Research
Overview: Addressing Global Food Security
Feeding a growing global population will require major gains in crop productivity under increasingly constrained conditions. By 2050, food production must rise substantially despite declining arable land, increasing climate instability, and persistent disease pressure. In soybean (Glycine max), the soil-borne oomycete Phytophthora sojae remains a major threat, causing stem and root rot and contributing to substantial annual yield losses.
Our research program addresses this challenge by integrating Artificial Intelligence, Functional Genomics, and Microbiology. We aim to build predictive models of how crops interact with pathogens, the soil environment, and the surrounding microbiome to support more resilient and sustainable agriculture.
Research Vision: Decoding Plant Complexity through AI
We study the regulatory logic of plant systems by combining experimental biology with modern computational modeling.

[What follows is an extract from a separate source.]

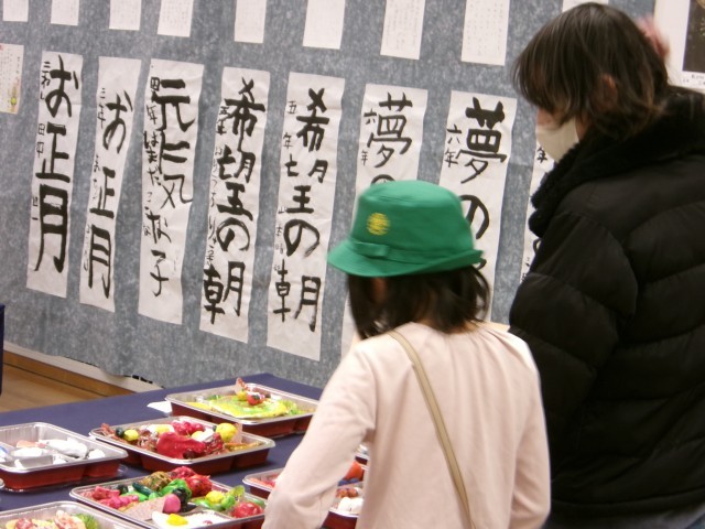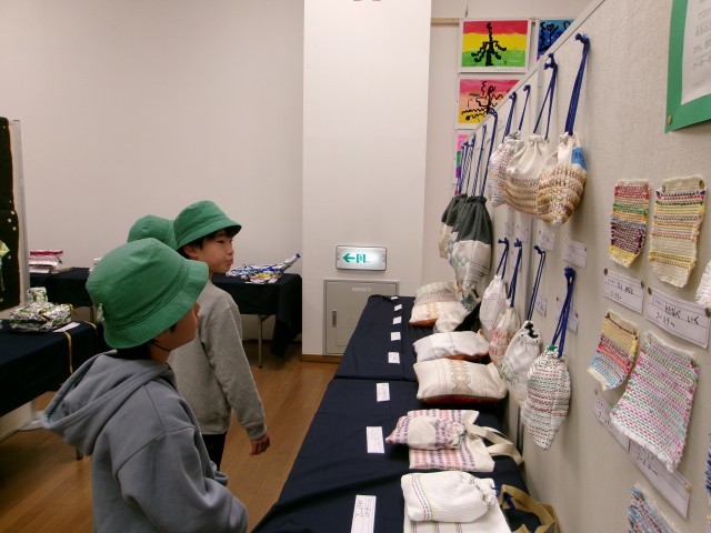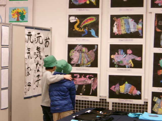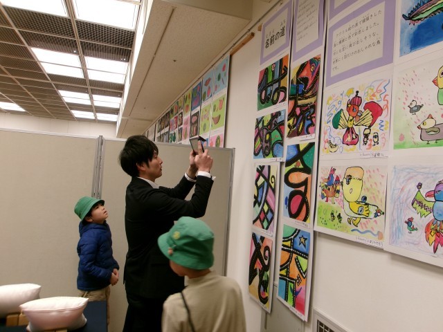 1月28日(水)タワーホール船堀で開催中の、江戸川区立小学校特別支援学級の連合展覧会に行ってきました。各校の自由で楽しい作品が、会場いっぱいに展示されていました。仲よし学級の図工作品は他校の子どもたちから人気で、スウェーデン刺繡の作品は鑑賞に来ていた大人たちに人気でした。「自分が一番気に入った作品と写真を撮る」という課題が出ていたので、みんな真剣に「お気に入り」を探しました。

Our goal is to transform complex, high-dimensional biological data into mechanistic insight that can guide crop improvement, disease management, and biological discovery.
We use deep learning, graph-based modeling, and multi-omics integration to identify the molecular programs that shape plant health, stress adaptation, and host-pathogen interactions.
Core Research Themes
Our research moves beyond descriptive biology toward causal and predictive understanding through tight integration of in silico modeling and in vivo validation.
1. AI-Driven Genomic Discovery
We develop computational approaches to decode the regulatory grammar of plant genomes. By applying transformer-based architectures and foundation models to genomic and epigenomic data, we identify sequence features and latent patterns associated with gene regulation, stress responses, and adaptive traits.
This work enables us to prioritize candidate regulators and uncover the molecular logic underlying plant resilience.

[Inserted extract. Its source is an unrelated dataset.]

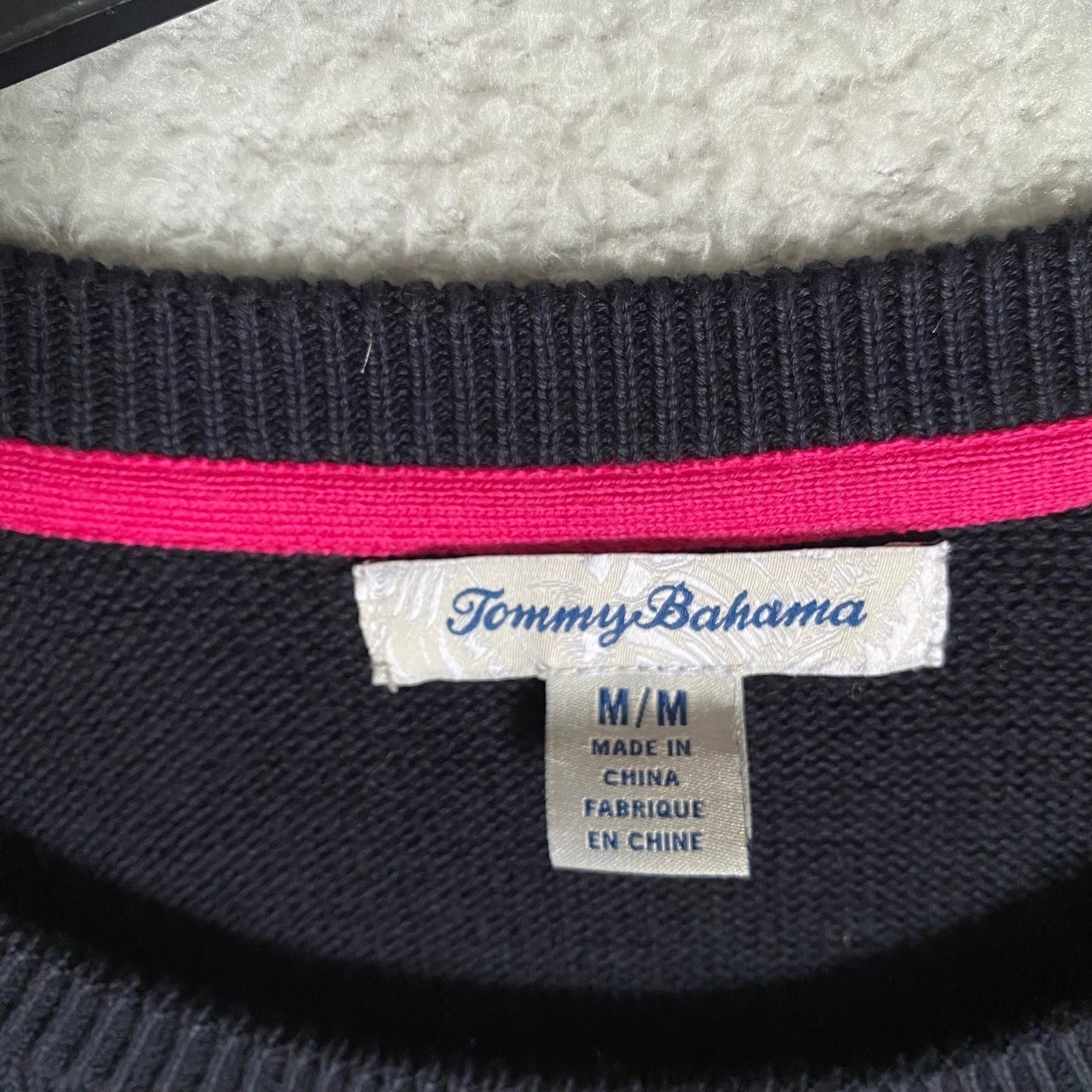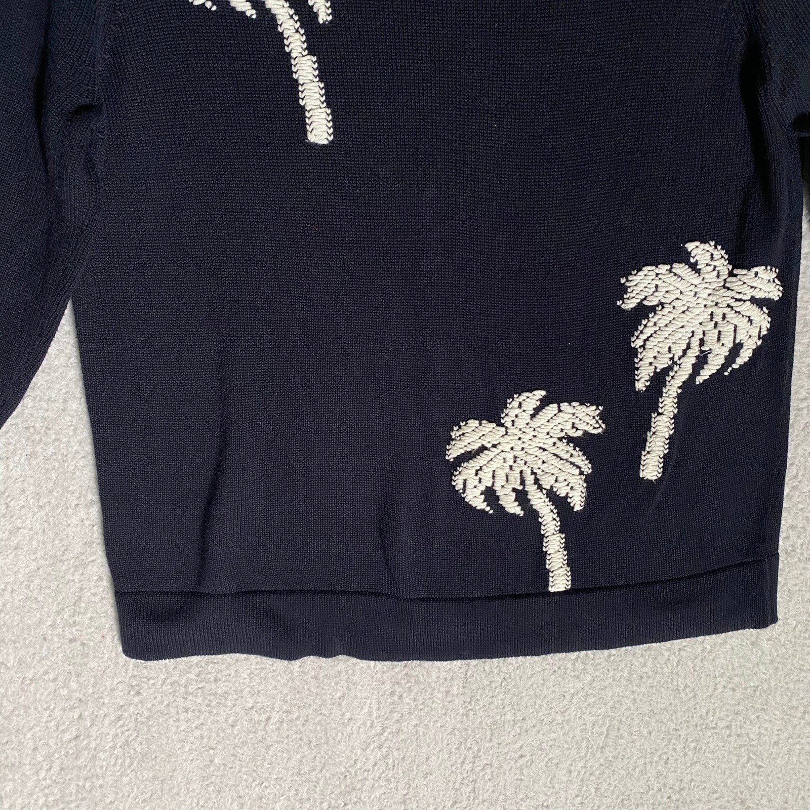 как выглядит Tommy Bahama Navy Blue Palm Tree Embroidered 3/4 Sleeve Knit Sweater Size Medium фото

Figure 1. Conceptual overview of the Soy-AI framework, in which genomic sequence is encoded by a foundation model to identify regulatory features, defense hubs, and candidate stress-response regulators.
2. Systems Biology of the Rhizosphere
We investigate the tripartite interaction between the host plant, soil-borne pathogens, and the surrounding microbial community. By integrating transcriptomic, epigenomic, and metagenomic data, we examine the molecular and ecological processes that shape disease outcomes at the root-soil interface.
We use computational pipelines to reconstruct gene regulatory networks (GRNs) and infer how beneficial microbes may suppress disease, stabilize host responses, and promote plant health.

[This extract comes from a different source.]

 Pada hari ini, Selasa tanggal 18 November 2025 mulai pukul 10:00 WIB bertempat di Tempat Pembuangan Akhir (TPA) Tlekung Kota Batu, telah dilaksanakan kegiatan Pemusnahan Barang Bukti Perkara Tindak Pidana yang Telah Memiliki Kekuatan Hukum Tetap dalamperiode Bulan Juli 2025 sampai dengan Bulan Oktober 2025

Figure 2. Tripartite interactions in the rhizosphere: soybean roots, beneficial microbes, and soil-borne pathogens collectively shape disease outcome under field stress.
3. Multi-Omics Network Inference
A major focus of the lab is integrating multiple biological layers into unified predictive models. We use graph-based learning and network inference to connect host transcriptional responses, chromatin state, and microbiome variation into interpretable regulatory frameworks.
These models help us identify molecular hubs, cross-talk pathways, and candidate regulators that are most likely to govern plant immunity and stress adaptation.

Figure 3. Multi-omics graph modeling integrates transcriptomic, epigenomic, and microbiome signals to reconstruct regulatory networks and identify candidate hubs for plant immunity.
4. Translational Bioinformatics for Sustainability
Our long-term goal is to translate computational insight into practical strategies for crop protection and sustainable agriculture. By understanding the molecular basis of host-pathogen co-evolution and microbiome-mediated resilience, we aim to support:
- more durable genetic resistance
- improved bio-based disease management
- reduced dependence on chemical inputs
- more precise and data-driven agricultural decision-making
This translational perspective connects molecular discovery to field-level resilience.

Figure 4. Population growth, land constraints, and disease pressure motivate predictive approaches to crop resilience and sustainable production.
The CompBio Integration
Our research is defined by a tight feedback loop between computation and experimentation. We use computational models to generate high-confidence hypotheses, then test those hypotheses through molecular genetics, microbiology, and plant phenotyping.

Figure 5. Research workflow linking data collection, AI modeling, hypothesis generation, and experimental validation.
Scalable Computing
We build and maintain high-performance analysis pipelines using Python, R, and HPC environments to process large-scale sequencing and multi-omics datasets, including Nanopore and Illumina platforms.
AI-Ready Biology
We are committed to making complex biological systems machine-learnable. By structuring biological data for predictive modeling, we aim to accelerate discovery and build a foundation for the next generation of AI-enabled plant biology.